For the first three months of Micah’s life – and Amanda and Mike’s new lives as parents – everything ran fairly smoothly. “Lots of sleepless nights, but other than that, it was fine,” says Amanda. ““In a way, it was a blessing that we didn’t find out that Micah had Down until he was three months old, because we got a chance to bond with him as we would any other baby.” But when Micah’s pediatrician – not the woman who had seen him in hospital – made a house call to Amanda and Mike, they knew instinctively what to expect. “Immediately, we knew he was going to tell us he had Down Syndrome. But to have [the doctor] come to our home, to make sure we were prepared and feeling comfortable, was so huge for us. It was so different to our experience at the hospital.”

From there, life became quite different. “There was a lot we had to catch up on,” says Amanda. “We started doing therapy every day for Micah and did some tests to check that Micah’s body was functioning properly. It wasn’t. Our days were a rollercoaster of seeing specialists, therapists and so on. Micah was put on a special roster of vitamins.” Amanda, who had intended to go back to work as a model once she’d lost her pregnancy weight, held off on her plans. “It quickly became apparent that Micah would need me far more than I’d thought. We got on with things as best we could, but it was certainly a huge transition for our family.” Amanda’s mother, who lived in New York City at the time, packed up her house immediately and came to live with the family. “Having her here has allowed me to go back to work and have a life again, because I know that when I leave, Micah is with someone who knows exactly what he needs,” says Amanda.

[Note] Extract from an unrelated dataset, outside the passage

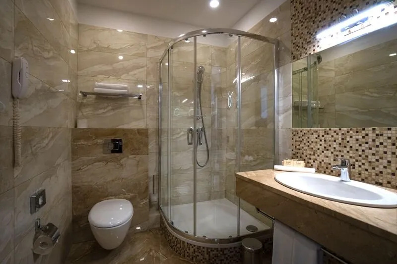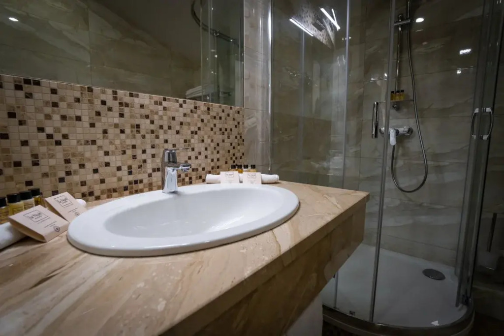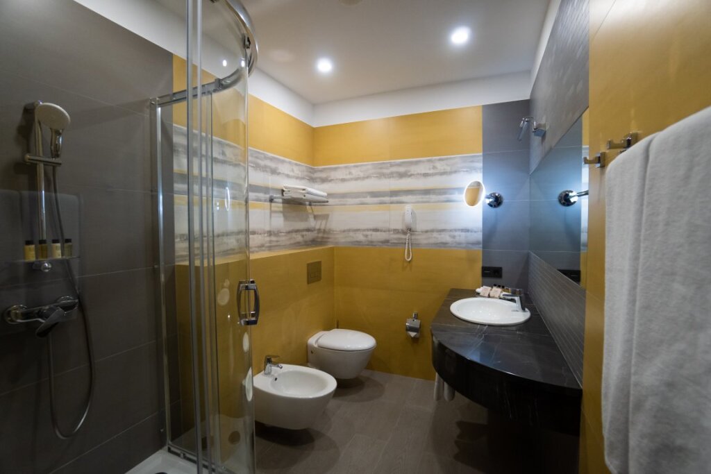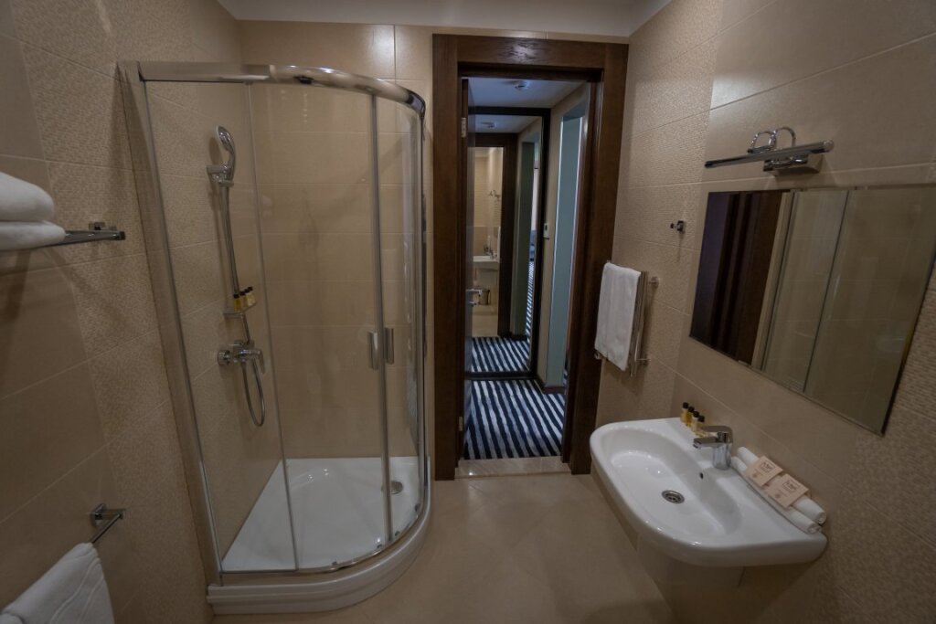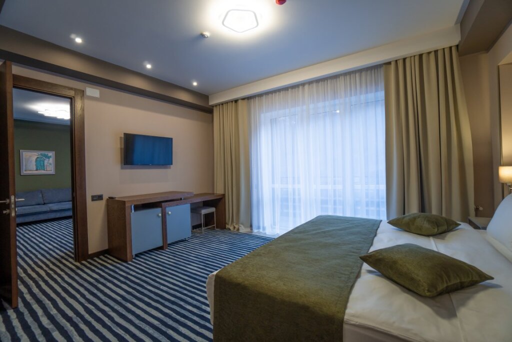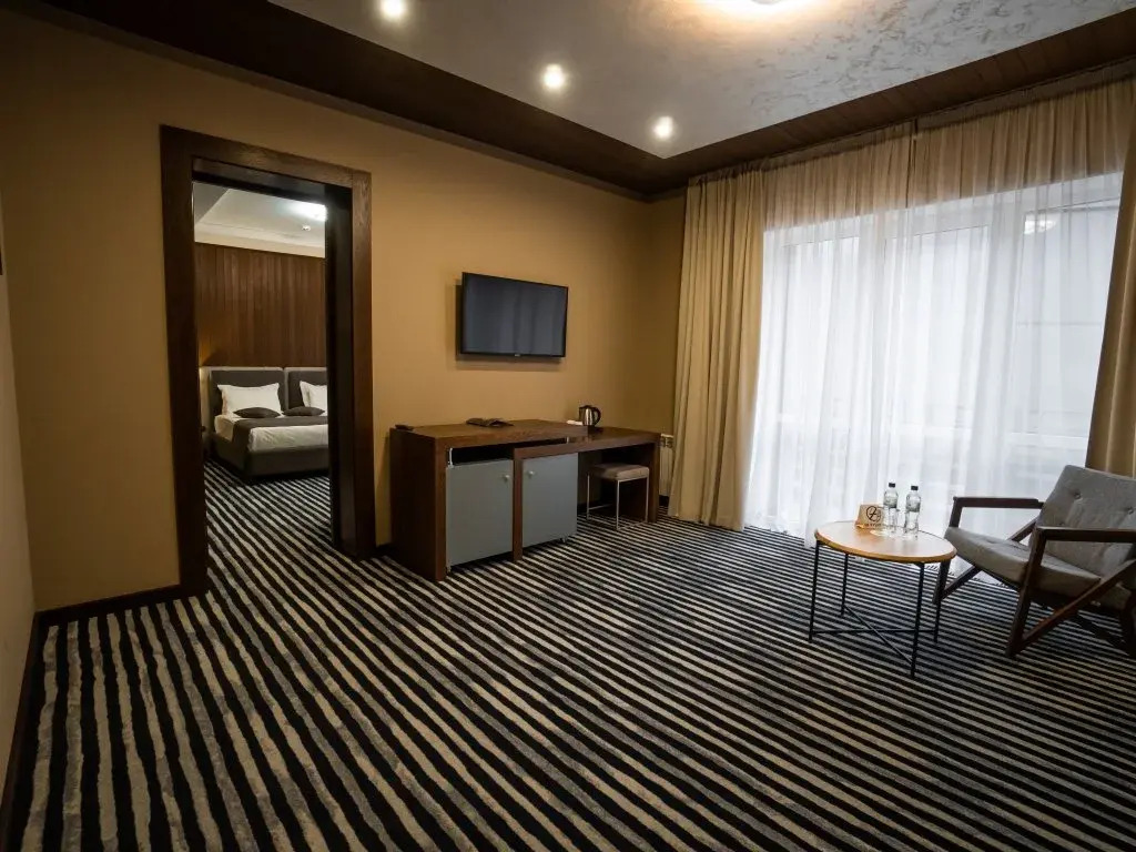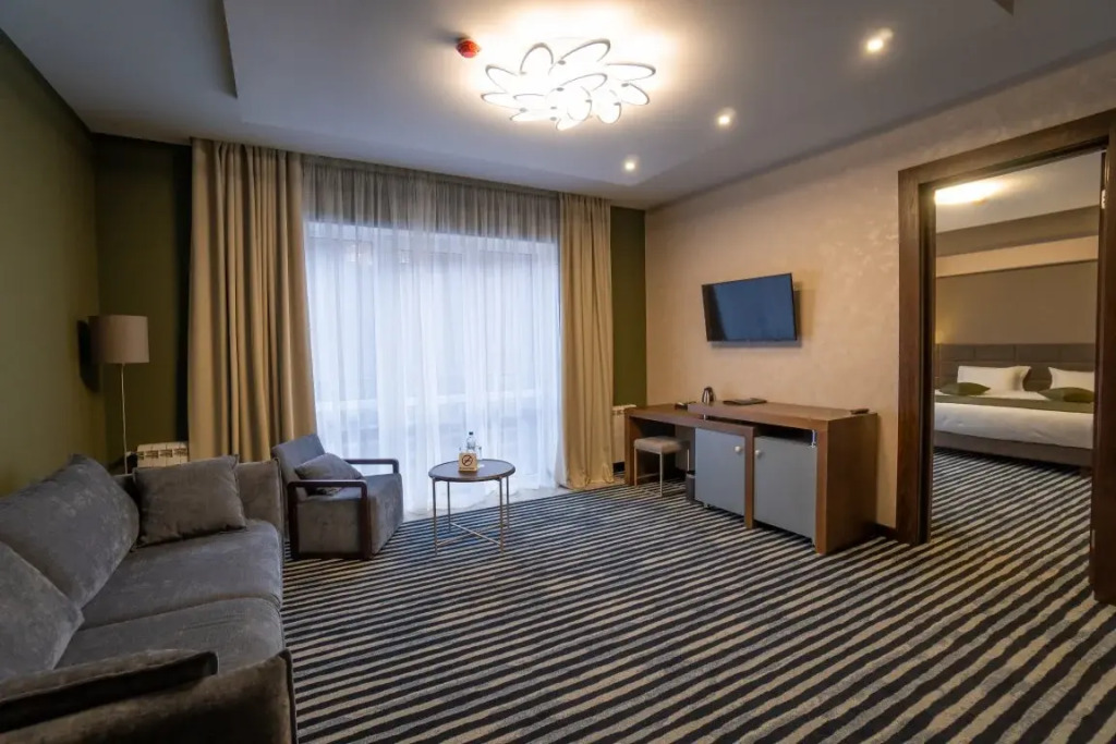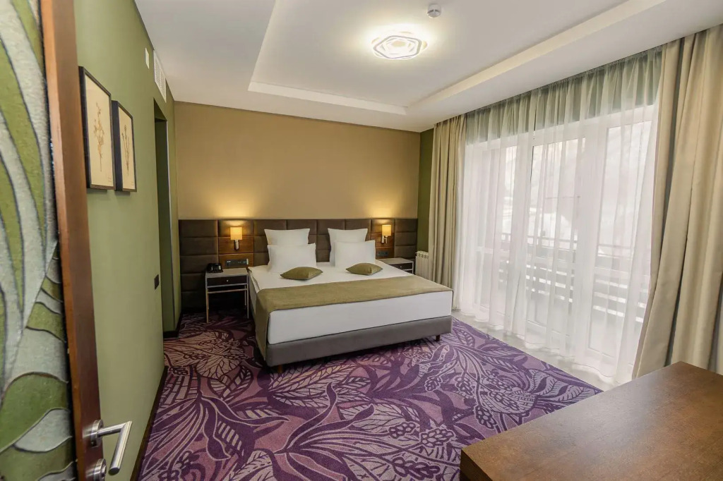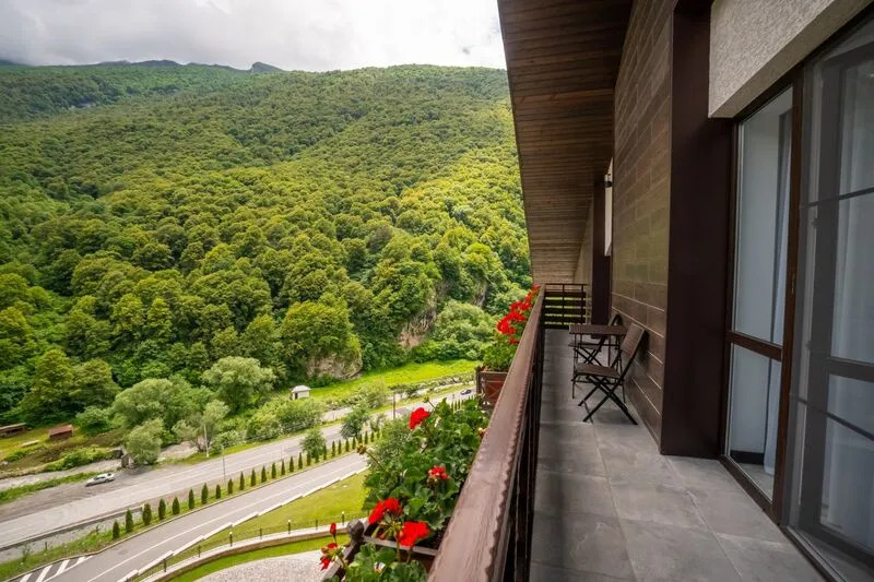 Просторный чистый номер с французким балконом, у нас был вид на ущелье, у детей на гору и лес. Фен, утюг, туалетные принадлежности, чайник.

Now that Micah is two, life has returned to a sense of normality for the young family. “In many ways,” says Amanda, “Micah showed us how to parent him. We didn’t know what parenthood was going to be like, whether Micah had Down Syndrome or not, and I think all babies teach you how to get on with things. One of the best pieces of advice I’ve ever received was to let kids show you who they are – and Micah certainly shows us who he is.” While Amanda admits that she’s the “sappy, sensitive one”, she says she’s grateful that her husband pushes Micah to grow and learn. “He won’t let Micah not learn basic things like walking, he really pushes Micah to develop, which he needs. He pushes all of us.”

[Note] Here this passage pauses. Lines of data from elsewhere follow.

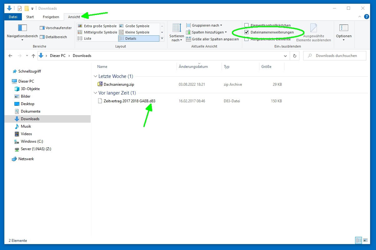 🔹 Tipp: Falls Sie die Endung nicht sehen, aktivieren Sie im Explorer unter „Ansicht“ → „Dateinamenerweiterungen“.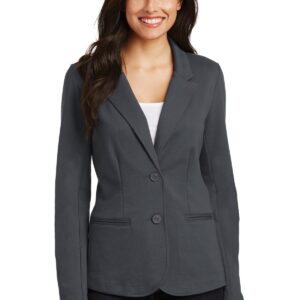 Mix it up at the office or after work with this versatile, modern blazer. Designed for layering comfort, this easy-to-wear, deconstructed style can go from refined to casual and resist wrinkles all day long.| 8.5-ounce, 52/48 cotton/poly ponte knit Peak lapel Front and back darts Welt pockets 2-button front closure Back vent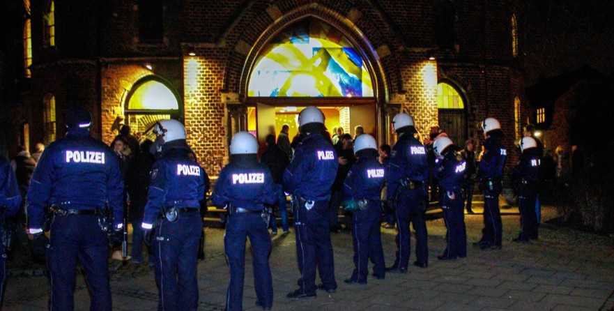 Zwei Aktivisten erhielten wegen wüsten Beleidigungen u.a. gegen die Sozialdezernentin Hausverbot. Sie widersetzten sich vor der Tür der Personalienfeststellung und verletzten einen Polizisten mit einer abgebrochenen Bierflasche schwer im Gesicht.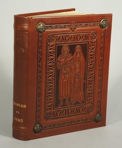 Bois originaux de Jean CHIÈZE 1 vol., Pleine reliure peau fauve, décor estampé sur le plat de personnages en pied et boulons métalliques au coins, dos à 2 nerfs apparents orné or, tête dorée.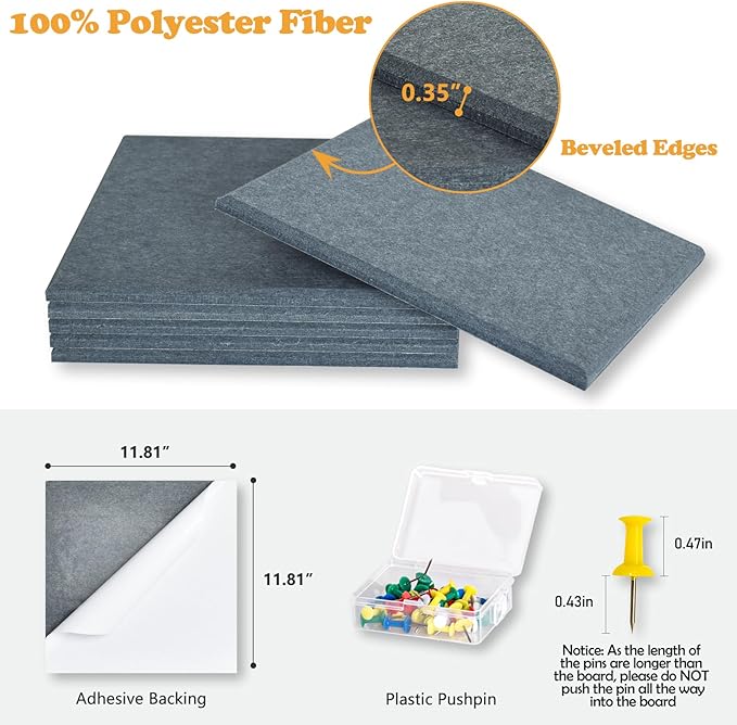 - CUSTOM SIZED BULLETIN BOARD - Comes with 6 packs wall panels measures 11.8" x 11.8", the large pushpin board can be customized to any size you need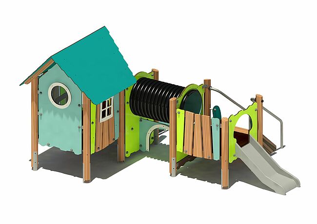 CabaneBancsEscalierPanneaux ludiquesPlan incliné d'escaladeTunnelToboggan

As for Amanda’s hopes for Micah’s future, she’s a little reticent to say. “He’s so little – it’s hard for me to even imagine him going to school right now! But I do hope that Micah has a family, goes to college, all those things, but it’s hard to say at the moment. I hope that we continue to learn about Down so that we can help Micah and other kids like him as best we can. Mainly I just want him to be happy… and never move too far away from me. In my backyard would be ideal.”